Data provided -
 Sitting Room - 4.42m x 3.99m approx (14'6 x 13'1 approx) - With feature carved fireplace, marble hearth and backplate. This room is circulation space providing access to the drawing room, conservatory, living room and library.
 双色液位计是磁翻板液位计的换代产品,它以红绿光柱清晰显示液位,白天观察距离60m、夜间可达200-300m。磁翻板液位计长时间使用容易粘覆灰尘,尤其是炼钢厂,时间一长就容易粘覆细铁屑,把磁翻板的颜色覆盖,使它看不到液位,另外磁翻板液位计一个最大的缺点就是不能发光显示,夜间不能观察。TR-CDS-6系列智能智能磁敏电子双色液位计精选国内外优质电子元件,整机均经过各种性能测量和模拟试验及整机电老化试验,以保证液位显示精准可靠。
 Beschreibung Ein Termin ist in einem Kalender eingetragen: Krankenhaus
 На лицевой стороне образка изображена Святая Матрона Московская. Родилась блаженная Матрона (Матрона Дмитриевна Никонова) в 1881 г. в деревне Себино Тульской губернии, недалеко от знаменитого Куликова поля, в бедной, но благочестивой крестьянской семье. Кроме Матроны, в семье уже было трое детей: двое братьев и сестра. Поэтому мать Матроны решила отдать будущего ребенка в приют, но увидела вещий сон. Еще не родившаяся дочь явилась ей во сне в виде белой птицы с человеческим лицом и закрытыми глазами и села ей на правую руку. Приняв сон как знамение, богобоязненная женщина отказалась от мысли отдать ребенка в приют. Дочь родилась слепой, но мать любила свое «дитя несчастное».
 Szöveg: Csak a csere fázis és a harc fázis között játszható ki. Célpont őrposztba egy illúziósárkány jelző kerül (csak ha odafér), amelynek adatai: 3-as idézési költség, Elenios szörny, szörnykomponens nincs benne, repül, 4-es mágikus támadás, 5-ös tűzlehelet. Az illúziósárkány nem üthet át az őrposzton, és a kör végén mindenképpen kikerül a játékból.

---

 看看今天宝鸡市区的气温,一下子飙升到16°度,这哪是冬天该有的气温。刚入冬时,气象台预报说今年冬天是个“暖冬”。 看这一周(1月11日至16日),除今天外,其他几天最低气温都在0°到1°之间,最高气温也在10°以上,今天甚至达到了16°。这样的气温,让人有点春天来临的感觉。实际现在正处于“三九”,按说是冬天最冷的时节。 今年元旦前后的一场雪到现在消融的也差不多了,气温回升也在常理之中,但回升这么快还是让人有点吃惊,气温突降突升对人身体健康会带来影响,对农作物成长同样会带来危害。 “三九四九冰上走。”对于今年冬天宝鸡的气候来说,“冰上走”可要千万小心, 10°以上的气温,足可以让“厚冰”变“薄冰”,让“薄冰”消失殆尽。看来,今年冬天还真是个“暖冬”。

Exercise aim -
Copy range, inclusive: the line holding "双色液位计是磁翻板液位计的换" to the line holding "Beschreibung Ein Termin". Reproduce exactly those lines of the records above and no others.

Task solution -
 双色液位计是磁翻板液位计的换代产品,它以红绿光柱清晰显示液位,白天观察距离60m、夜间可达200-300m。磁翻板液位计长时间使用容易粘覆灰尘,尤其是炼钢厂,时间一长就容易粘覆细铁屑,把磁翻板的颜色覆盖,使它看不到液位,另外磁翻板液位计一个最大的缺点就是不能发光显示,夜间不能观察。TR-CDS-6系列智能智能磁敏电子双色液位计精选国内外优质电子元件,整机均经过各种性能测量和模拟试验及整机电老化试验,以保证液位显示精准可靠。
 Beschreibung Ein Termin ist in einem Kalender eingetragen: Krankenhaus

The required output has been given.